Battle rages as Gaddafi hits out

The battle is continuing for the Libyan town of Bani Walid as former rebel fighters hunt for fugitive dictator Muammar Gaddafi.

The battle is continuing for the Libyan town of Bani Walid as former rebel fighters hunt for fugitive dictator Muammar Gaddafi.

The clashes came as Gaddafi rallied followers to the fight in a new audio message broadcast on a loyalist TV channel.

Gaddafi loyalists have been firing rockets from inside one of his last remaining bastions, targeting former rebel fighters who have surrounded the desert town.

At least 10 loud explosions shook the ground along the desert front line and smoke billowed from where the projectiles landed in Wadi Dinar, about 12 miles outside the town.

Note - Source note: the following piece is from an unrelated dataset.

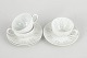 Elegant sæt bestående af tre mokkakopper med tilhørende underkopper i hvidt porcelæn, dekoreret med diskret bladornamentik udført i transparente, let grønligt tonede glasurfelter. Det lette og raffinerede udtryk samt de bløde, harmoniske former er karakteristisk for Friedl Holzer-Kjellbergs sene porcelænsdesign for Arabia.

The former rebels said the projectiles fired were Grad rockets.

The barrage comes hours after Gaddafi issued an audio message on a loyalist Syrian-based TV channel, denying rumours that he had fled Libya and vowing “never to leave the land of his ancestors”.

The ousted Libyan leader urged followers to take up arms and denounced rumours that he had fled the country.

The broadcast came amid conflicting statements about the fugitive Libyan dictator’s whereabouts.

Gaddafi, who ruled Libya for nearly 42 years, hasn’t been seen in public for months, and has released only audio messages trying to rally his supporters and lash out at opponents.

In the five-minute audio, aired on Al-Rai TV, a voice purportedly of Gaddafi denounced reports that he had fled to neighbouring Niger and claimed he is still in Libya.

He also blasted former rebels who ousted him from power as “a bunch of mercenaries, thugs and traitors” and urged his followers to take up arms.

“We are ready to start the fight in Tripoli and everywhere else, and rise against them,” Gaddafi said.

“All of these germs, rats and scumbags, they are not Libyans, ask anyone. they have co-operated with Nato ... Gaddafi won’t leave the land of his ancestors.”

Gaddafi went into hiding after opposition fighters swept into Tripoli on August 21. The former rebels are still battling regime loyalists in three Gaddafi strongholds – Bani Walid, Sabha and Sirte.

Fresh clashes broke out overnight and early today near the town of Bani Walid, 90 miles south east of Tripoli. Shootings and loud explosions lasted for several hours.

Thousands of fighters have converged on areas outside Bani Walid and have threatened to attack if residents don’t surrender by Saturday. Officials have said the town emerged as a focus because of the number of prominent regime loyalists believed to be inside.

Convoys of former regime loyalists, including Gaddafi’s security chief, fled across the Sahara into Niger this week in a move that Libya’s former rebels hoped could help lead to the surrender of the last bastions of his support.

On Wednesday, more truckloads of former rebels arrived outside Bani Walid, a dusty city of 100,000 strung along the low ridges overlooking a dried-up desert river valley on the road connecting Gaddafi’s home town of Sirte and Sabha to the south.

Bani Walid is the homeland of Libya’s largest tribe, the Warfala. In 1993, some Warfala attempted a coup against Gaddafi but were brutally crushed.